Depression is extremely common. Almost by definition it affects, and alters, our priorities and prejudices and therefore our judgment. Any decision, including an advance directive, made by a psychiatric patient suffering refractory depression is plainly not one made by an individual with the “necessary” mental capacity. A doctor could and should reasonably override such a patient’s suicidal intent, so as actively to treat his or her self-harm.

But what of the individual not yet explicitly known to suffer from such depression? Or the overdosing patient bearing an advance directive who is not necessarily clinically depressed, but has received some emotional blow, great or small, which equally distorts judgment? Or even a manipulative 18-year-old with an overdose and a piece of paper? 

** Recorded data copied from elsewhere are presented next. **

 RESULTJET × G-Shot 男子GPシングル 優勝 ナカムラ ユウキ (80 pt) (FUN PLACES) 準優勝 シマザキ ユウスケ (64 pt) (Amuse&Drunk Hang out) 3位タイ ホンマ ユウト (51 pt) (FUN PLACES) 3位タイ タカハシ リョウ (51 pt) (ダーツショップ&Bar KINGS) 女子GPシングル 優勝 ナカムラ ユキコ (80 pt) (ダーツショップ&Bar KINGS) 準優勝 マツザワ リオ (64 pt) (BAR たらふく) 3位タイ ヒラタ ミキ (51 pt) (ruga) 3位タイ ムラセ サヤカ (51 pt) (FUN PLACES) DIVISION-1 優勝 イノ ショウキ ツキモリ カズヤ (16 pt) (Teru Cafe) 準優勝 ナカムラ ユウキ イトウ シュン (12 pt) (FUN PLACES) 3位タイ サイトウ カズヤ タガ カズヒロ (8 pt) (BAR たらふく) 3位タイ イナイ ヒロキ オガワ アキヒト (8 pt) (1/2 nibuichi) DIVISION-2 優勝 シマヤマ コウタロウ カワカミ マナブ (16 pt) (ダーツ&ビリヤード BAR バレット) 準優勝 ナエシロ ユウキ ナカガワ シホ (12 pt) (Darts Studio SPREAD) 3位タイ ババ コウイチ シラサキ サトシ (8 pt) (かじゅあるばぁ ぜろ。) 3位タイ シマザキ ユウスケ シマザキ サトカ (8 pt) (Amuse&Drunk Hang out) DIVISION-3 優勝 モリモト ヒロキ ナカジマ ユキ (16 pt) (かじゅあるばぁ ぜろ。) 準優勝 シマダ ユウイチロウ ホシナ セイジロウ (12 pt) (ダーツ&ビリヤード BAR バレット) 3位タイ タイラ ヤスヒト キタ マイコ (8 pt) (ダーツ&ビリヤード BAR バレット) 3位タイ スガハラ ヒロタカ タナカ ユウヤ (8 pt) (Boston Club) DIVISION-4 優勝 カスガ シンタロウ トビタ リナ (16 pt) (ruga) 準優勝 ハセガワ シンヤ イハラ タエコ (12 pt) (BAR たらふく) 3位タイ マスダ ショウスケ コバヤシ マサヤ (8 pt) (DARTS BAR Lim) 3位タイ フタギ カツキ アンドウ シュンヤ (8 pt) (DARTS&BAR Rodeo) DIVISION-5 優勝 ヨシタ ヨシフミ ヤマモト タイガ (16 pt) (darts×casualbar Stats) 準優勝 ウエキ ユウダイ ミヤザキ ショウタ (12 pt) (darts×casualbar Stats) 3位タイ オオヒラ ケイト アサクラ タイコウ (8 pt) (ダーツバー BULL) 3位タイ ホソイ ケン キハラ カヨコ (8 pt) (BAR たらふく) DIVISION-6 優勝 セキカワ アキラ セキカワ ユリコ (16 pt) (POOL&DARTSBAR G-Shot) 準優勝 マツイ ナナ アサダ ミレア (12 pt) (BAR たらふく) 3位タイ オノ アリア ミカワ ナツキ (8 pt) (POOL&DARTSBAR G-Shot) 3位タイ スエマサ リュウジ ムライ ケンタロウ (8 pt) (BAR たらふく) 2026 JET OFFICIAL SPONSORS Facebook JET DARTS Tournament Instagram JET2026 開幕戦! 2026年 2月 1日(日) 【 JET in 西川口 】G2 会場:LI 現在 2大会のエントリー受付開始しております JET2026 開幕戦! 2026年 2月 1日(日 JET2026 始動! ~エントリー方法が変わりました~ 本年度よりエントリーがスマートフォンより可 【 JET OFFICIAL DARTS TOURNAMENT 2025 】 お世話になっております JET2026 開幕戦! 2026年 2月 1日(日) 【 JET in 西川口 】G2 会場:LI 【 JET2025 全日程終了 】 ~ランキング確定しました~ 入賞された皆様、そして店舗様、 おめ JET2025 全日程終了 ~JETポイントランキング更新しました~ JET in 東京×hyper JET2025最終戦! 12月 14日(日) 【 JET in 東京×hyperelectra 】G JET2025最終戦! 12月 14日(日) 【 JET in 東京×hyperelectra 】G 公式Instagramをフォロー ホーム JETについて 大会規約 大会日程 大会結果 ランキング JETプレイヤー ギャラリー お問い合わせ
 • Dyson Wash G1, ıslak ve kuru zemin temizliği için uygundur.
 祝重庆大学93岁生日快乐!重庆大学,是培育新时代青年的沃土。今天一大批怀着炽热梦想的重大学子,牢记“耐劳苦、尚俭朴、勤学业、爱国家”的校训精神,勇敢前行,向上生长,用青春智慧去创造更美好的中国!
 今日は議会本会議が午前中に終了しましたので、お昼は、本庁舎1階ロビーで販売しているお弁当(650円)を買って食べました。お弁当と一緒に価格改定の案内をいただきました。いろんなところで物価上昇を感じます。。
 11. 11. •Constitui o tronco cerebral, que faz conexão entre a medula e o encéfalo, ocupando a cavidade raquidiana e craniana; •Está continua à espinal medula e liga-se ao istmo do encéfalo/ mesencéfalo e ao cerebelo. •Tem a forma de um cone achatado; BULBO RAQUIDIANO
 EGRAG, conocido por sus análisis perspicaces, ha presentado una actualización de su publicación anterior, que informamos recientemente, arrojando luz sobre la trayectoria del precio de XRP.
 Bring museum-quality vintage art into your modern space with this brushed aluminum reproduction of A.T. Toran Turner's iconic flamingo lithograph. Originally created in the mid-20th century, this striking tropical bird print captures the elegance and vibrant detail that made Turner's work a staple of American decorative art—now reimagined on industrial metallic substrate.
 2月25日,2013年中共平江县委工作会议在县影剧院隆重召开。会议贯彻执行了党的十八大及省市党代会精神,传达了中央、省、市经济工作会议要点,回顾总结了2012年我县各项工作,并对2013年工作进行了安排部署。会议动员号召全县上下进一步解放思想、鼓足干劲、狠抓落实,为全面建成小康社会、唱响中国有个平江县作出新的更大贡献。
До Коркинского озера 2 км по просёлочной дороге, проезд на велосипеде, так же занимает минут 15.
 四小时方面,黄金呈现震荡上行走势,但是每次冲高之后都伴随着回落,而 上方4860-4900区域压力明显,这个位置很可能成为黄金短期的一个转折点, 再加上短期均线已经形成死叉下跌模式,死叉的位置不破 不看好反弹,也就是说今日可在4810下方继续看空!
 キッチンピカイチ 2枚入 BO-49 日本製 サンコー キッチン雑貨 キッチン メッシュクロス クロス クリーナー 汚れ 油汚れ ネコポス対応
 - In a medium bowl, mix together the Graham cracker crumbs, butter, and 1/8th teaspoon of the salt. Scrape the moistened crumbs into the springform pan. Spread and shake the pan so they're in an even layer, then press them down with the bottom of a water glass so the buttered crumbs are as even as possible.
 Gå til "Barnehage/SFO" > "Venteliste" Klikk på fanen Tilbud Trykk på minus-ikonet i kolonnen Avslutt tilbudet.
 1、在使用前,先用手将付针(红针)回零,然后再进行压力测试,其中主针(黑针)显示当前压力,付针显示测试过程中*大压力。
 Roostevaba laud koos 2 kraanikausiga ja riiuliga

Whether these possibilities are all, somewhere in the small print, carefully articulated and excluded in the sub-clauses defining what does and does not constitute a legally binding advance decision, is hardly material: a single tragic death proves the law as currently framed dangerously inadequate. There is an urgent need for an amendment to protect the vulnerable. Advance directives setting out a refusal of treatment for attempted suicide should be intrinsically invalid. (The alternative, surely, is that the deliberately non-treating physician becomes an accomplice to suicide — which is still, just, illegal.) 

But suicide is only one example of what could go wrong. A more prosaic question is simply that of a change of mind. You might believe with perfect confidence that you would refuse chemotherapy in the event of developing severe leukaemia — or any form of medicine if you were paralysed from the neck down — but anticipation is so unreliable. As with depression, so too with any other illnesses: they alter one’s perspective. Our zest for life is far greater than we might predict. But the law does not sensitively reflect this: the onus is doggedly on patient autonomy. Its explicit emphasis on individuals retaining the right to make “what might be seen as eccentric or unwise decisions” was surely not intended legally to enshrine decisions so unwise as to be fatally mistaken.

The fact is that most of us find it devastating, if not unimaginable, to contemplate, say, becoming blind, deaf or losing a limb. Equally though, most people who have such problems just get on with their lives. Sadly, some don’t. The point is that none of us can predict on which side of this “divide” we might fall. We may like to imagine we are heroes in the making, but we mostly believe we are not. Incidentally, it is surely this deeply unimaginative combination of fear and pessimism that is a driving force for much of the pro-euthanasia movement. But how can we possibly forecast what our attitude might be to some life-or-death decision in such dramatic circumstances? It is this all too human unpredictability that represents a deeper flaw in the whole concept of advance directives.

It is likely that, were any form of limiting amendment concerning advance directives to be introduced in parliament, advocates of euthanasia would not merely offer opposition but would attempt to further their own agenda in additional ways. 

Far better though that such efforts are debated formally by our elected representatives — and probably defeated, judging by past history — than the current worrying trend of legal “clarifications” emerging from a democratically unaccountable judiciary.